I'm workin' on mine.

~RK~


----------



## Zathros (Dec 21, 2000)

*mine's fourth in line after the Mom creature repop, Invisable man, and the confederate raider*..

*Z*


----------



## deadmanincfan (Mar 11, 2008)

After I finish the Bates Mansion for Halloween, she'll be next...


----------



## kenlee (Feb 11, 2010)

wolfman66 said:


> Just wondering since we nagged Dave and Moebius to reissue this Wonderwoman kit for us has anyone started on it yet?I know that have and got the base and the Octopus primed and ready for paint and then its off to work on WW herself:thumbsup:


Here is what I have done with mine so far, still have some touching up to do in her hair, around all of the star decals Also have to add her belt and I am going to replace the kit supplied lasso with some gold braided string from the craft store. Also have to add her belt and find the nameplate that has gone awol, (need to check the shopvac)


----------



## wolfman66 (Feb 18, 2006)

kenlee said:


> Here is what I have done with mine so far, still have some touching up to do in her hair, around all of the star decals Also have to add her belt and I am going to replace the kit supplied lasso with some gold braided string from the craft store. Also have to add her belt and find the nameplate that has gone awol, (need to check the shopvac)


Looking good there:thumbsup: and where did ya get the star decals cause dreading to paint them on:freak:


----------



## kenlee (Feb 11, 2010)

wolfman66 said:


> Looking good there:thumbsup: and where did ya get the star decals cause dreading to paint them on:freak:


Printed them on white decal film, I used the starfield from a U.S. flag as the basis. If you look closely, you can see that the blue on the decal doesn't quite match, so I have to touch up around each star, but that is better than trying to paint each star.


----------



## djnick66 (May 2, 2008)

You can buy a pre cut set of vinyl stars for the kit. Its something like $5... saves time for sure. I need to get me one...


----------



## DarthForge (Feb 5, 2009)

djnick66 said:


> You can buy a pre cut set of vinyl stars for the kit. Its something like $5... saves time for sure. I need to get me one...


Where dude these stars are driving me nuts!


----------



## djnick66 (May 2, 2008)

Bobman here makes them and they are $7 a set, including postage, IIRC


----------



## scooke123 (Apr 11, 2008)

Got mine started - parts glued and puttied. Still need to sand then prime it. I might go for those stars too - my eyes dont work as well as they used to!!! Great work on the ones pictured so far, really great to be able to build this kit again!!!
Steve


----------



## geoffdude (Mar 31, 2009)

RSN said:


> I am starting with a brush coat of flat blue. I will then brush on areas of green with a dry brush of white for the foam. When I am happy with the look, I will add several coats of Future on the water and onto some of the rock to simulate splash.

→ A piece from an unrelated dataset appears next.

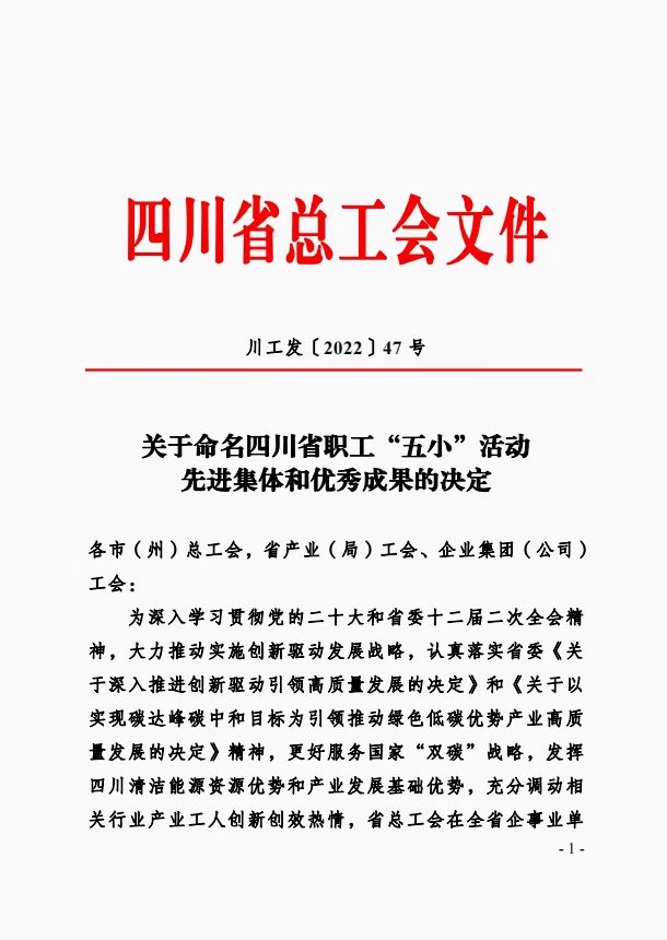 近日,四川省总工会命名了一批四川省职工“五小”活动先进集体和优秀成果。集团设计公司陈英、胡良文、单智杰、罗涛、滕毅申报的“一种由防冲墙组成的简易消力池结构”获得四川省职工“五小”活动优秀成果奖。

I did something similar, though I never added a gloss coat (futura) etc, as I don't personally care for shiney models. Here's my AURORA BUILD UP.


----------



## deadmanincfan (Mar 11, 2008)

Very nice build, Geoff! :thumbsup::thumbsup:


----------



## wolfman66 (Feb 18, 2006)

geoffdude said:


> I did something similar, though I never added a gloss coat (futura) etc, as I don't personally care for shiney models. Here's my AURORA BUILD UP.


Beautiful!:thumbsup:


----------



## Cro-Magnon Man (Jun 11, 2001)

Yeah, great work geoffdude; those stars are perfect.


----------



## louspal (Sep 13, 2009)

Nice build Wolfman. I like that you did the Octopus in shades of purple. Oh, and by the way; what took you so long!


----------



## Bobman (Jan 21, 2001)

djnick66 said:


> Bobman here makes them and they are $7 a set, including postage, IIRC


Yep, and I still have plenty instock.:thumbsup:
Bob


----------



## belalugosi (Jan 11, 2011)

Hi there. I'm new to this site. Found it by trying to find star stickers for Wonder Woman. Do you sell them? Please let me know. Thanks


----------



## louspal (Sep 13, 2009)

Bela: Private message Bobman by clicking on his name. See above.


----------



## Bobman (Jan 21, 2001)

Thanks Lou!
Bob


----------